_Data segment_.

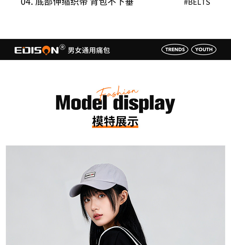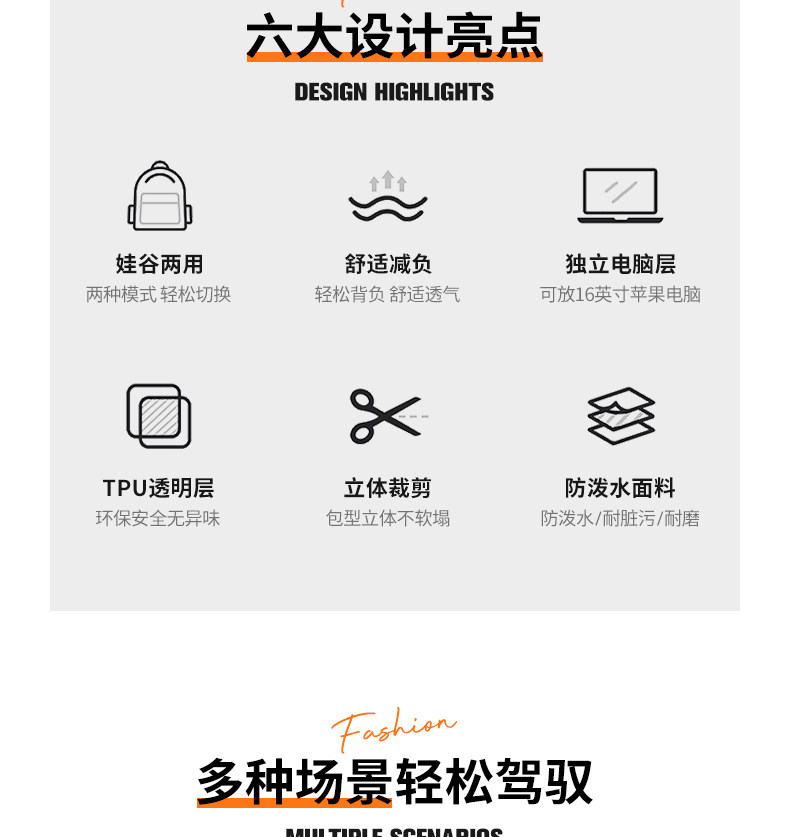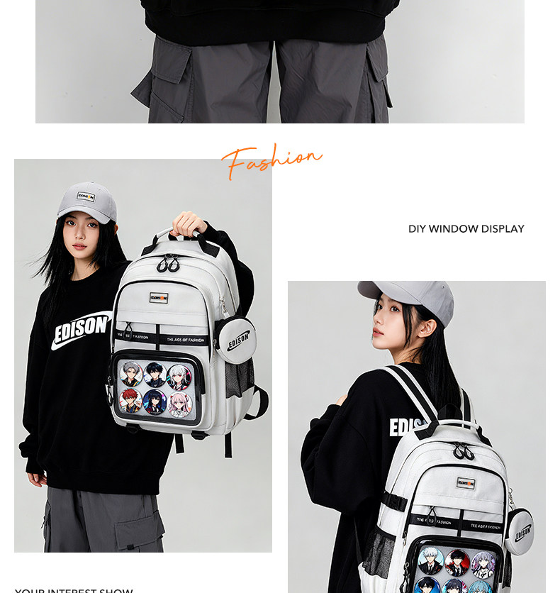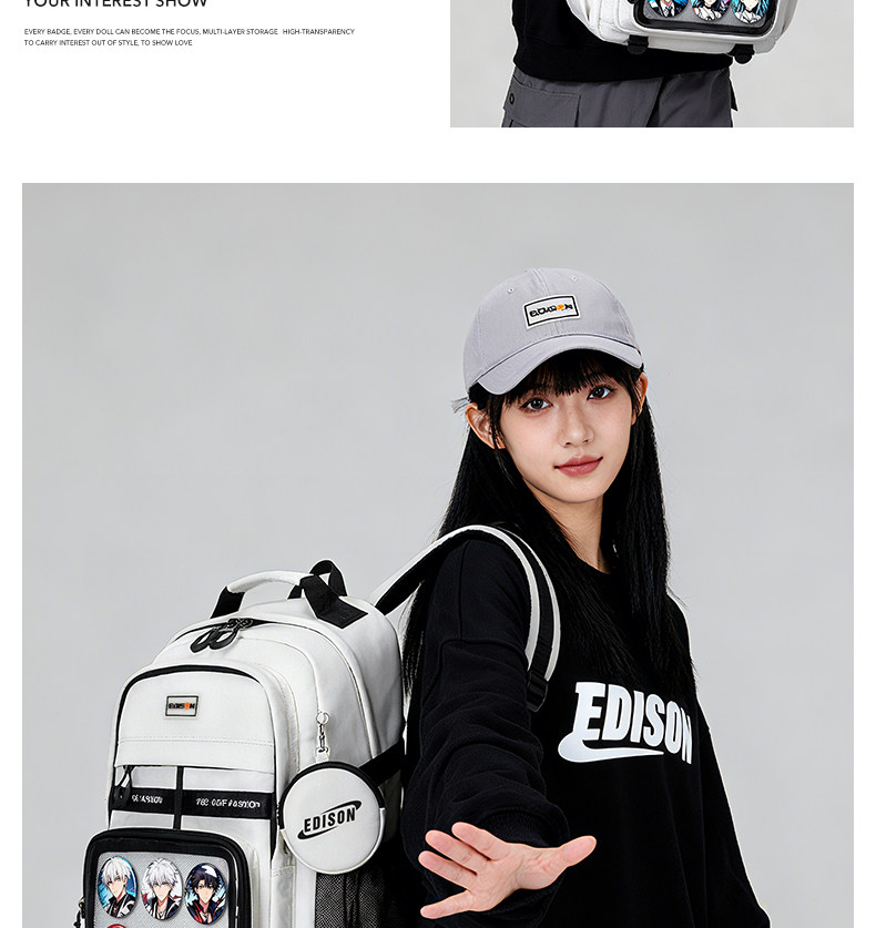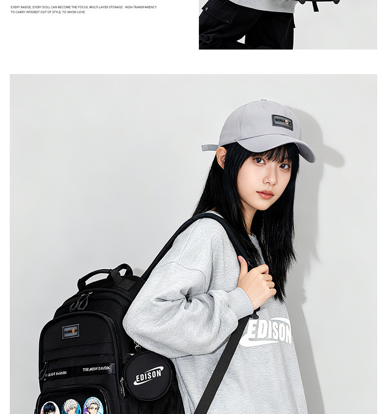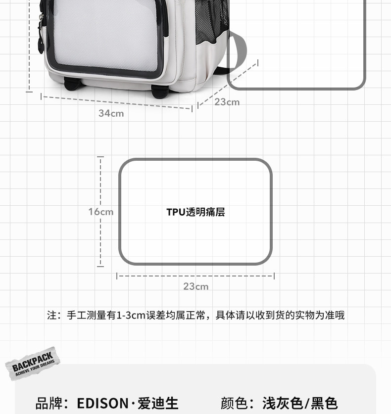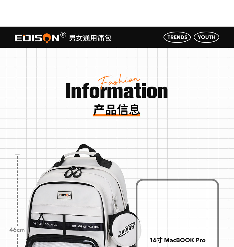 愛迪生雙肩痛包日常款大容量書包女初高中學生雙肩包高顔值後後背包男
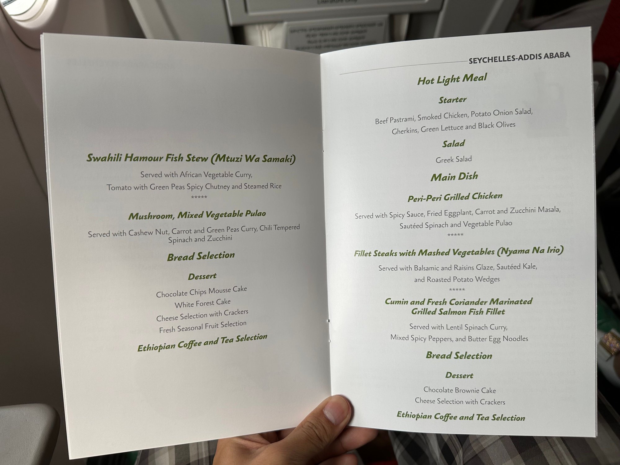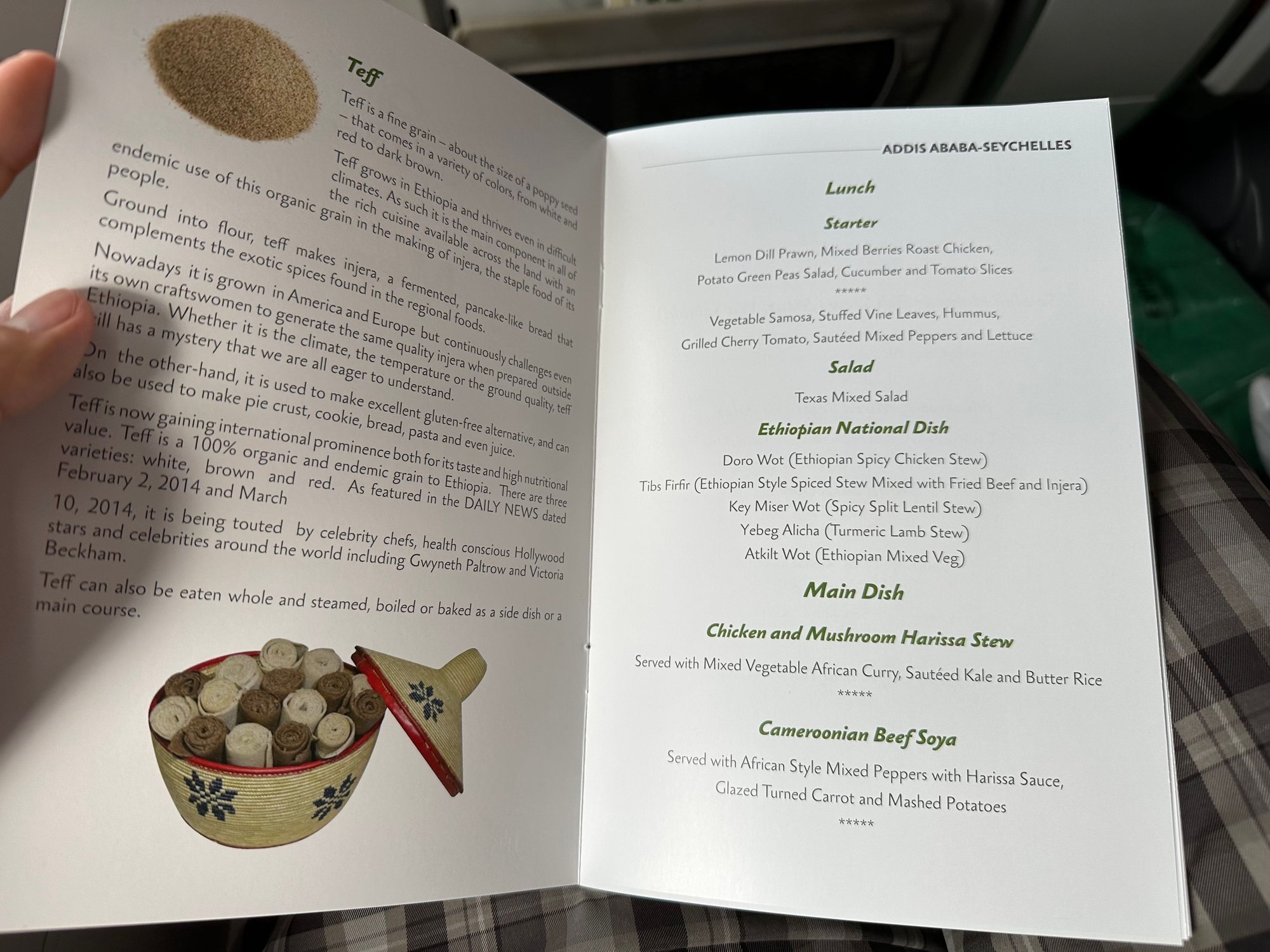 Despite being a 3hr flght time in the air the meal service is extremely impressive. Once again the highlight of the meal was the Ethiopian National Dish. Proactively offered seconds which I took. Ordered the fish for the main entree which is a mistake as it had a fishy taste/smell which wasn't very good.
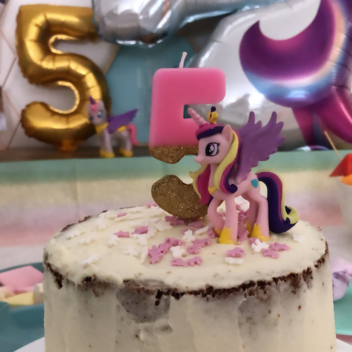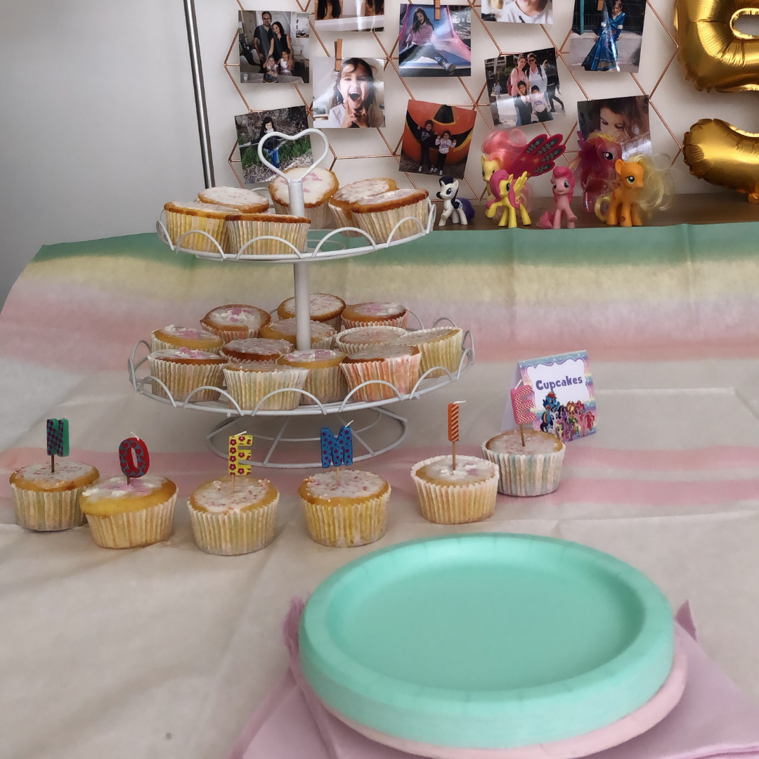 On a opté pour du simple, mais efficace : nappe pastel, chemin de table en crépon rose clair, jouets My Little Pony en déco, gros ballon mylar Licorne et chiffre 5. Pour les gourmandises, on retrouve les traditionnels cupcakes, mais cette fois décorés par mes filles ! Je peux vous dire que j’ai vu prendre sur moi mais elles étaient si heureuses que ça sera à refaire pour le prochain anniversaire… Et pendant ce temps là, je pouvais finir la déco de mon gâteau tranquillement.

_What you have to do_. Every line of the material is to be quoted exactly, with no pictures carried over.

_Task answer_.
 愛迪生雙肩痛包日常款大容量書包女初高中學生雙肩包高顔值後後背包男
 Despite being a 3hr flght time in the air the meal service is extremely impressive. Once again the highlight of the meal was the Ethiopian National Dish. Proactively offered seconds which I took. Ordered the fish for the main entree which is a mistake as it had a fishy taste/smell which wasn't very good.
 On a opté pour du simple, mais efficace : nappe pastel, chemin de table en crépon rose clair, jouets My Little Pony en déco, gros ballon mylar Licorne et chiffre 5. Pour les gourmandises, on retrouve les traditionnels cupcakes, mais cette fois décorés par mes filles ! Je peux vous dire que j’ai vu prendre sur moi mais elles étaient si heureuses que ça sera à refaire pour le prochain anniversaire… Et pendant ce temps là, je pouvais finir la déco de mon gâteau tranquillement.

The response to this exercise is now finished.